This project focuses on solving the traffic sign classification challenge using a CNN implemented in TensorFlow, achieving an impressive 99.33% accuracy. Key aspects of this solution include data preprocessing, augmentation, pre-training, and skip connections in the network architecture. The dataset used is the German Traffic Sign Dataset, which is part of Udacity's Self-Driving Car Nanodegree program, but is also publicly available here.
Dataset The German Traffic Sign Dataset consists of 39,209 color images (32×32 pixels) for training and 12,630 images for testing. Each image belongs to one of 43 traffic sign classes. The pixel values range from [0, 255] in the RGB color space, and each class is labeled as an integer between 0 and 42. The dataset is imbalanced, with some classes having far fewer examples than others. Additionally, the images exhibit variability in contrast and brightness, which calls for the application of techniques like histogram equalization to enhance feature extraction.
Preprocessing Preprocessing typically involves scaling the pixel values to the [0, 1] range (since they are originally in [0, 255]), one-hot encoding the labels, and shuffling the dataset. Due to the variability in the dataset, localized histogram equalization is also applied to improve feature extraction. The model is designed to work with grayscale images rather than full-color images, as previous research by Pierre Sermanet and Yann LeCun suggests that color channels don't significantly enhance performance. Therefore, the Y channel from the YCbCr color space is used.
Data Augmentation The dataset is relatively small and unbalanced, making it difficult for the model to generalize well. To address this, data augmentation is applied to increase the dataset size and balance the class distribution.
Flipping Some traffic signs are invariant to horizontal or vertical flipping, meaning that flipping an image of these signs will not change their class. For example, signs like Priority Road and No Entry can be flipped without changing their meaning, while others require 180-degree rotation (achieved by flipping both horizontally and vertically). This method increases the training examples from 39,209 to 63,538 at no additional data collection cost.
Rotation and Projection Further augmentation is done using random rotations and projections. Other transformations, such as blur, noise, and gamma adjustments, were tested, but rotation and projection gave the best results. Projection also handles random shearing and scaling by altering the image corners within a specified range.

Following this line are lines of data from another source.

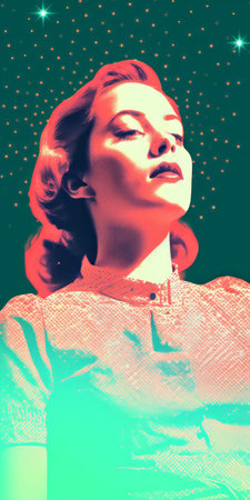 a minimalist portrait of a 1850s starlet sunbathing is captured in this photo. the frame is filled with a light faded orthonormal coordinate system of 8-bit dots and 8-bit colors, creating a kinetic art effect. the background features a vanished light lithography design, complemented by light halftone dots. the overall aesthetic of the photo is an ever-moving anaglyphic kaleidoscopic minimal psychedelic art. ai generated
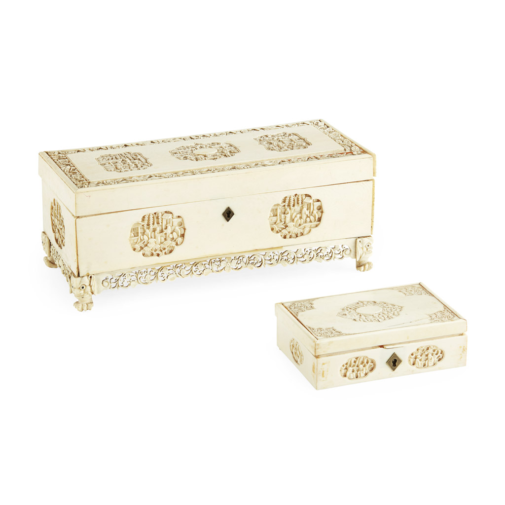 both of rectangular form, carved with figural cartouches, floral motifs and borders (2)
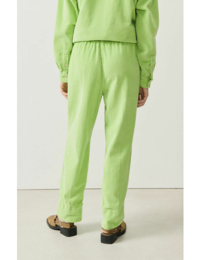 Entretien simple : lavage à 30 degrés, séchage en tambour interdit, repassage à basse température. Ce pantalon conserve sa tenue et sa couleur lavage après lavage.
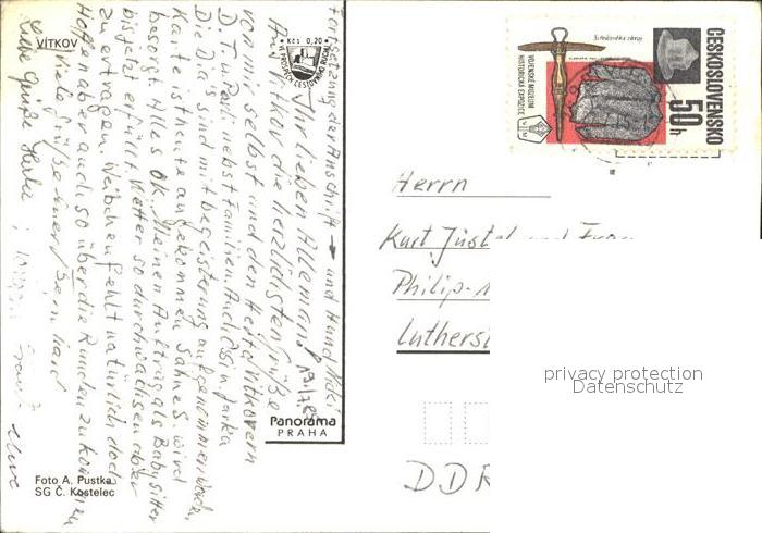 old postcard Vitkov Gesamtansicht Denkmal Gebaeude postalisch gelaufen Erhaltung siehe scans
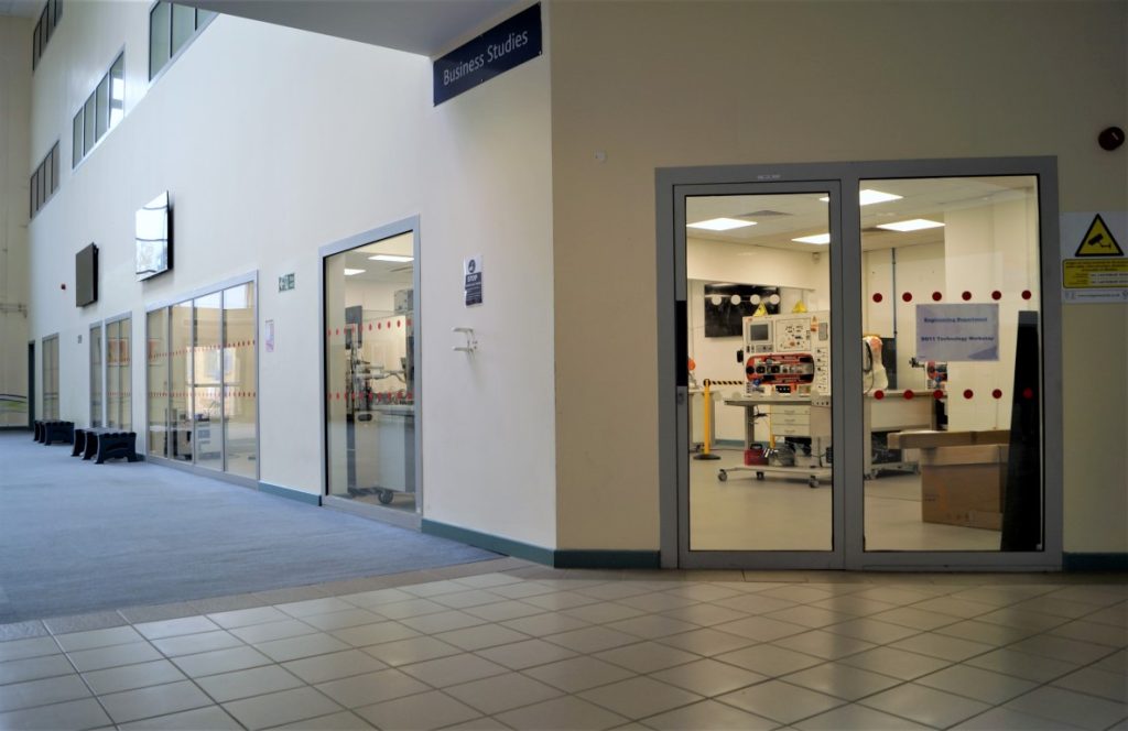 The college didn’t have a large enough, ready-made area to utilise for the new robot room. However, they had identified a part of the campus that could be used. The area consisted of two offices and a classroom which, when reconfigurated, would supply enough space for the new manufacturing course.

Model Architecture The model is a deep neural network based on a CNN architecture inspired by Daniel Nouri's tutorial and the Sermanet/LeCun paper. The model consists of 3 convolutional layers for feature extraction and 1 fully connected layer for classification.
Instead of following a strict feed-forward architecture, this network employs multi-scale features. This means that the output from the convolutional layers is not only passed to the next layer but also fed directly into the fully connected layer, after additional max-pooling, ensuring that all convolutions are appropriately subsampled before classification.Regularization Several regularization techniques were used to minimize overfitting:
Dropout: Applied to both convolutional and fully connected layers to improve generalization. Though convolutional layers are naturally good regularizers, small amounts of dropout were found to slightly improve performance.
graphql
Copy code
Type Size keep_p Dropout
Layer 1 5x5 Conv 32 0.9 10% of neurons
Layer 2 5x5 Conv 64 0.8 20% of neurons
Layer 3 5x5 Conv 128 0.7 30% of neurons
Layer 4 FC 1024 0.5 50% of neurons
L2 Regularization: Applied with a lambda value of 0.0001, L2 regularization is used for the weights in the fully connected layers to reduce overfitting without affecting the bias terms.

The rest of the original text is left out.